Computer Art: Developing a Critical Perspective

Computer Art: Developing a Critical Perspective
April 16, 2014, 6 – 8pm
Atrium Gallery & Curator’s Lounge
RSVP for this free event HERE!
In collaboration with EZTV’s current exhibition, Hacking the Timeline v3.0: Digilantism and the LA Digital Art Movement (1985-2005), Independent scholar, Andrea Foenander, will give a talk on EZTV and the history of digital art.
Computer Art is the elephant in the ‘art history’ room. Opening conversation within proximity of contemporary artworks often necessitates tiptoeing past a material fetishism in order to gain access to a revered ‘deeper meaning’. Technology and in particular computers, are not part of the art world vocabulary despite their obvious prominence within art practices across the world. We are a tool-centric society, so why do discussions of technology remain undervalued?
Andrea Foenander is a writer and artist working in London. She holds a B.A. in Fine Art Sculpture from University of the Arts, London and a M.A. in Critical Writing in Art and Design from the Royal College of Art. Her studio practice addresses concerns towards mass media and ‘information overload’. She has written critically for exhibitions at CAMP and TAF in Athens, historically for Guest House in Kettles Yard Gallery, Cambridge and prose for “As is the Sea: An Anthology”.
Her writing practice is concerned with technology and visual media, currently assembling an Anthology on Computer Art History. In 2013, she conducted research to produce an extended essay on the seminal art exhibition LA Art 1990, an exhibition at EZTV. This research was based initially on materials housed at the Patric Prince Computer Art Archive at the Victoria & Albert Museum, London.
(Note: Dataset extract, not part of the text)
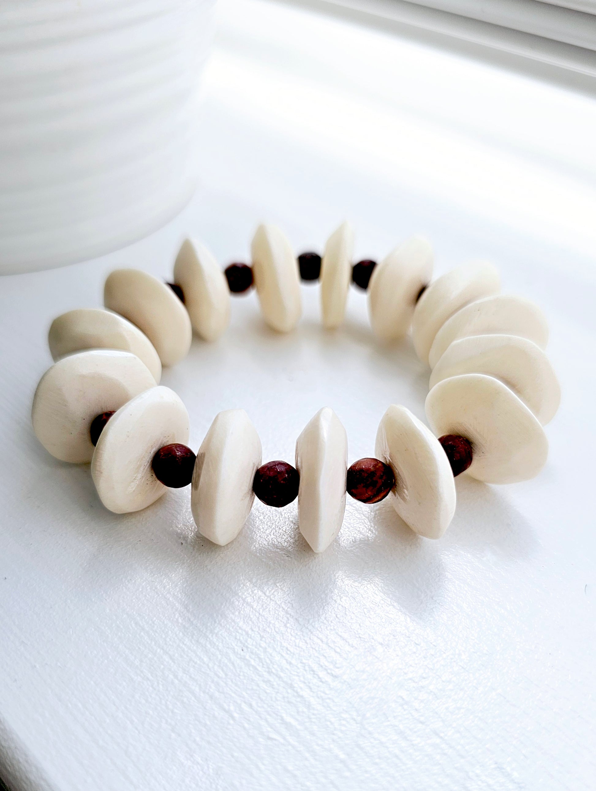 This bracelet represents life cycles throughout the lineage. Generations built upon generations, connections, peace, and love. Made with African bone beads and natural jasper beads known for it's healing energy.

Patric Prince curated the EZTV’s LA Art 1990 exhibition and along with Michael J. Masucci, co-founded EZTV’s CyberSpace Gallery, one of the world’s first galleries with a focus on digital art.
EZTV, a pioneering video space founded in West Hollywood in 1979, has been part of the resident artist community at 18th Street Arts Center since 2002. The exhibition in the Atrium Gallery is a complement to the retrospective EZTV: Video Transfer on view at USC’s ONE Archives Gallery and Museum through June 1, 2014.